## Recorded data
──────────

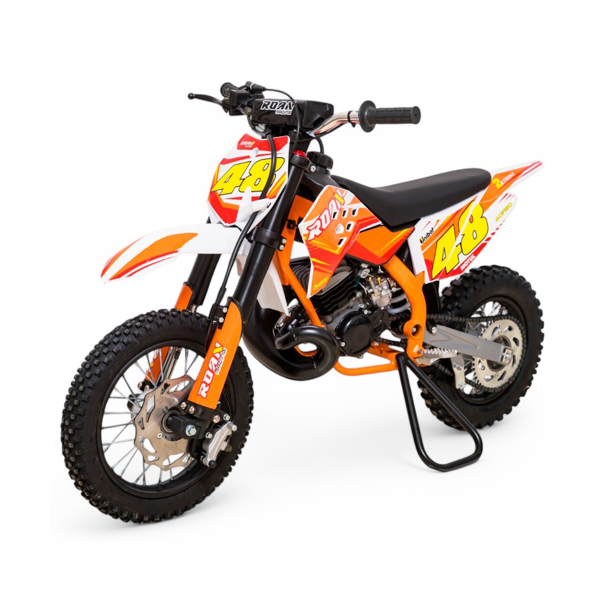 La minicross 50 cc 50M-2 es la evolución de una de las motos infantiles más populares de 50 cc, perfecta para quienes buscan una moto de motocross para niños con mayor potencia, estabilidad y un estilo llamativo. Inspirada en las réplicas de competición, combina un diseño agresivo con componentes de alta calidad, ofreciendo la mejor experiencia en circuitos cerrados y terrenos privados.
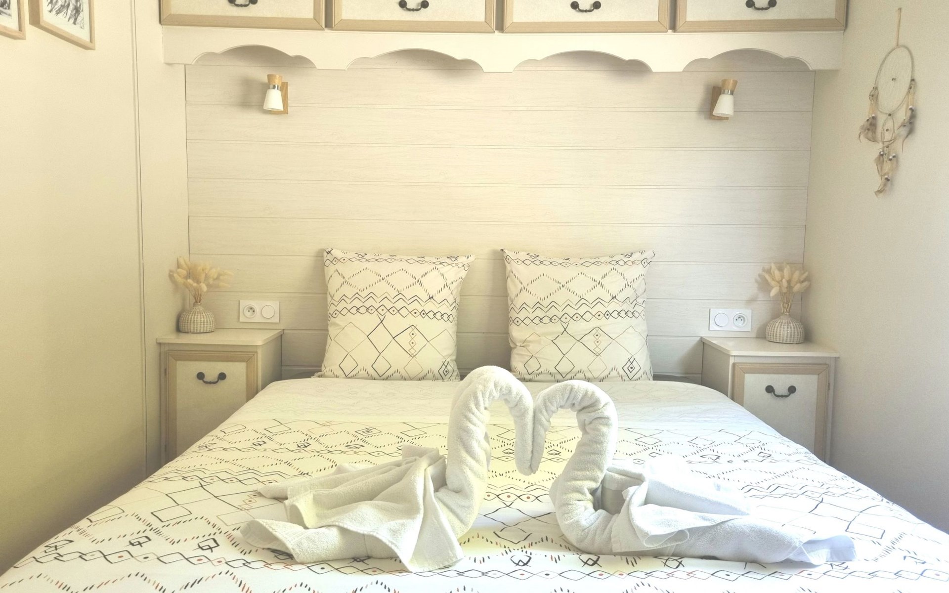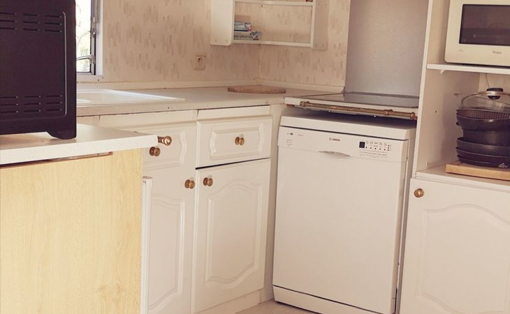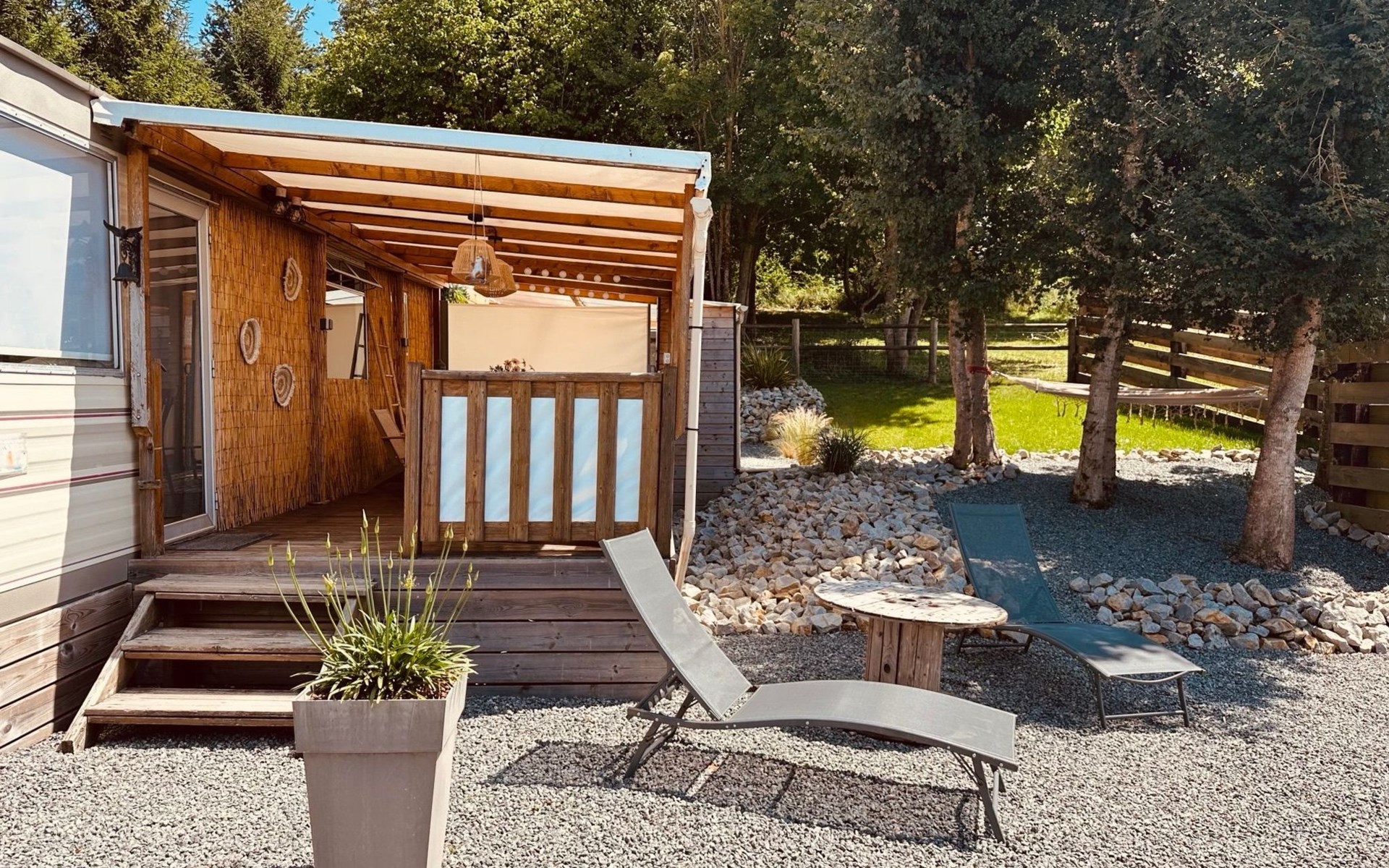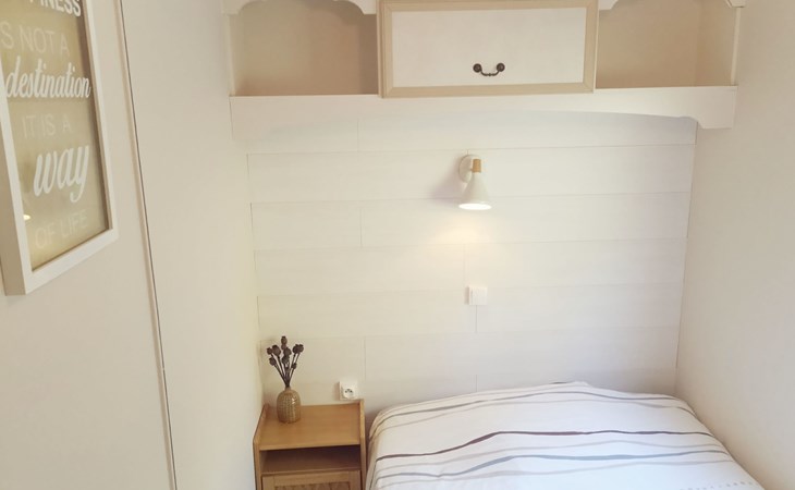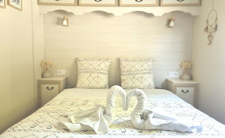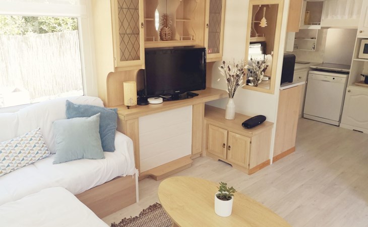 The interior of this mobile home is equipped to meet your needs during your stay. The kitchen is well equipped with a ceramic hob, a dishwasher, a coffee maker with soft pods, an electric kettle and a mini-oven to prepare and enjoy your meals with ease. A washing machine for private use in the accommodation also ensures your comfort. Relaxation is guaranteed with a connected TV, so you can keep up to date with your favourite series and films.
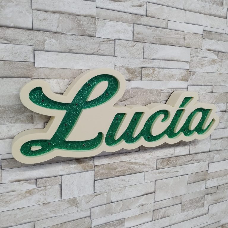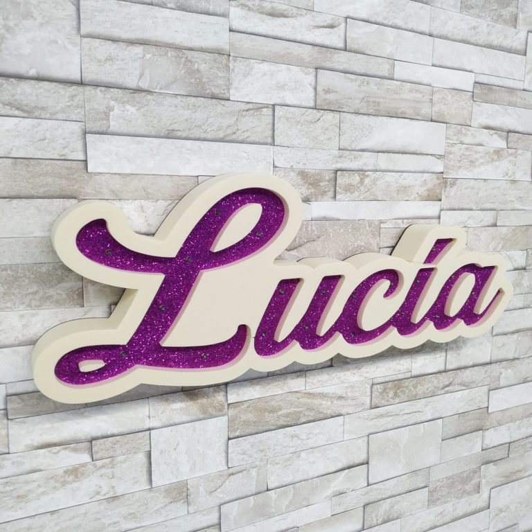 Nombre con luces y purpurina.
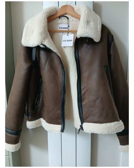 The Steve Madden Aviator jacket is a stylish and versatile mid-length jacket perfect for casual occasions in the winter season. Made from polyester with a polyester lining, this brown jacket features a biker style design with a regular fit for a comfortable and fashionable look.In a size XL for an oversized look, this jacket from a reputable brand like Steve Madden is a must-have for any woman looking to stay warm and on-trend in the colder months.

──────────

## Task directions
Only the lines from the line holding "The interior of" through the last line above belong in the answer, repeated exactly; the pictures do not.

## Answer to the exercise
 The interior of this mobile home is equipped to meet your needs during your stay. The kitchen is well equipped with a ceramic hob, a dishwasher, a coffee maker with soft pods, an electric kettle and a mini-oven to prepare and enjoy your meals with ease. A washing machine for private use in the accommodation also ensures your comfort. Relaxation is guaranteed with a connected TV, so you can keep up to date with your favourite series and films.
 Nombre con luces y purpurina.
 The Steve Madden Aviator jacket is a stylish and versatile mid-length jacket perfect for casual occasions in the winter season. Made from polyester with a polyester lining, this brown jacket features a biker style design with a regular fit for a comfortable and fashionable look.In a size XL for an oversized look, this jacket from a reputable brand like Steve Madden is a must-have for any woman looking to stay warm and on-trend in the colder months.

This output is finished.